Ford AI hiccups push carmaker to rehire ‘gray beard’ inspectors
What actually happened at Ford (per thread)
- Articles say Ford rehired ~350 veteran engineers/inspectors after automated quality systems underperformed, hurting reliability and JD Power rankings.
- Several commenters note the HN title is misleading: Bloomberg doesn’t clearly say these specific people were previously laid off; some may be retirees or hires from suppliers.
- Others point out Ford has done significant layoffs recently, but whether those are directly tied to this rehiring is unclear.
- A few argue this is more about older vision/inspection systems (CNNs like MAIVIS/AiTriz) than about modern LLMs.
AI’s limits in industrial use
- Many argue AI tools are useful accelerators but nowhere near replacing deep domain expertise, especially in manufacturing and quality.
- AI is likened to an extremely fast but naive junior: good when guided by seniors, dangerous when left alone.
- Tacit knowledge, intuition, and “hearing the machine misbehave” are seen as impossible to fully codify or “encode” into AI or documentation.
- There’s concern about AI’s lack of guaranteed compliance: models sometimes ignore constraints or “think they know better.”
Labor, rehiring, and trust
- Strong emotional responses: some say they’d never return to an employer that fired them for AI; others emphasize bills, families, and using the rehired role as a paid bridge.
- People speculate about rehiring at lower levels or different titles, and whether engineers negotiated big raises; outcomes are unclear.

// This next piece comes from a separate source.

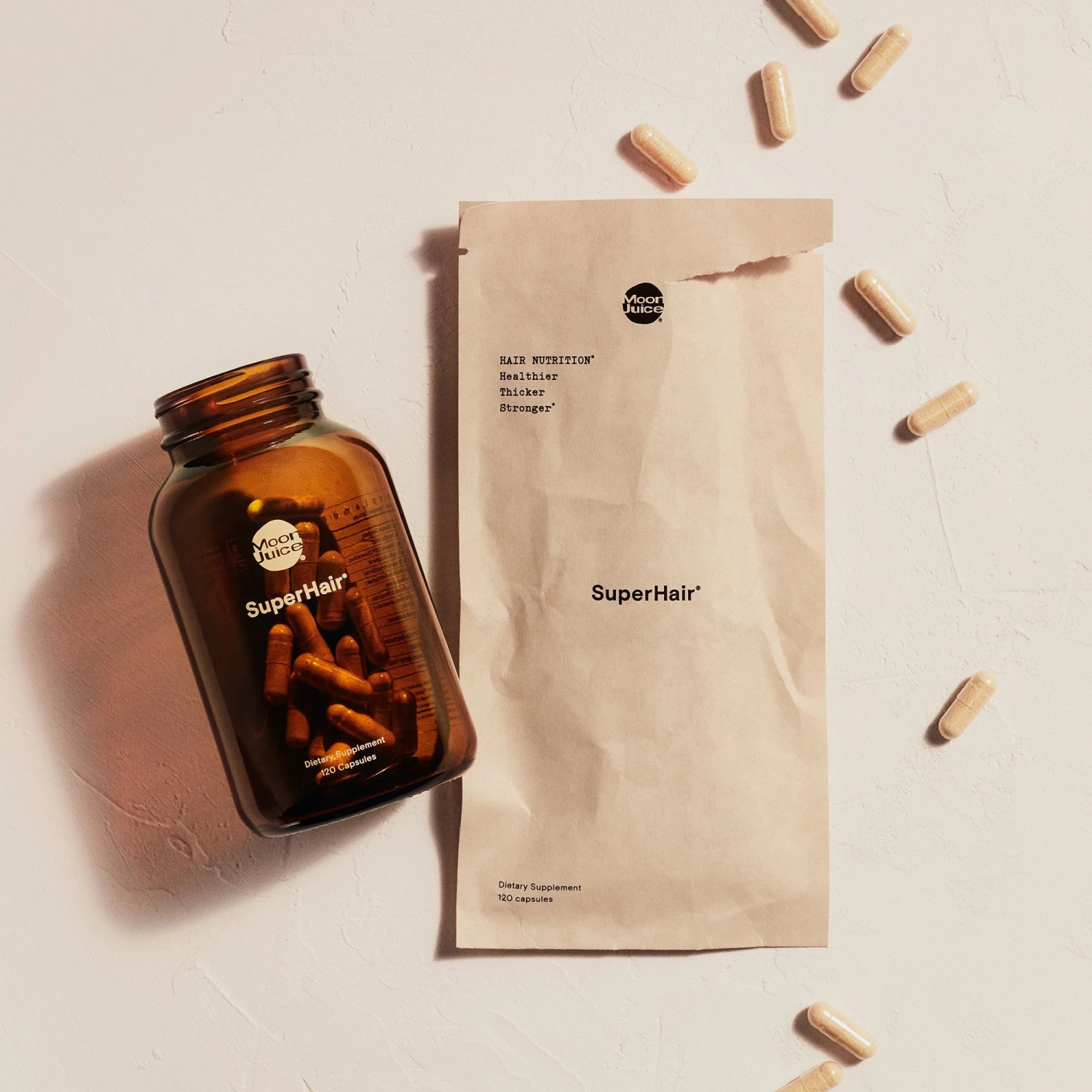 Why We Love It: Moon Juice SuperHair Daily Hair Nutrition is a potent complex of bioavailable and bioactive multi-vitamins, minerals, plant extracts and hair essentials like biotin, kelp, saw palmetto & horsetail plus full spectrum extractions of ashwagandha and ginseng combine to promote healthier, thicker, stronger hair.*

- Several call for software/tech unions and stronger worker protections against “frivolous AI layoffs.”
Management, incentives, and hype cycle
- Widespread criticism of C-suites “cargo culting” AI as a cost-cutting silver bullet, similar to past waves like offshoring and “big data.”
- Commenters highlight perverse incentives: executives are rewarded for bold, short-term headcount cuts and face few consequences when AI experiments fail.
- Some frame current AI mania as part hype cycle, part ideology: a drive to eliminate labor costs even at long-term strategic risk.
- Others stress that, despite hype and missteps, automation’s long-run direction is still toward fewer humans in the loop.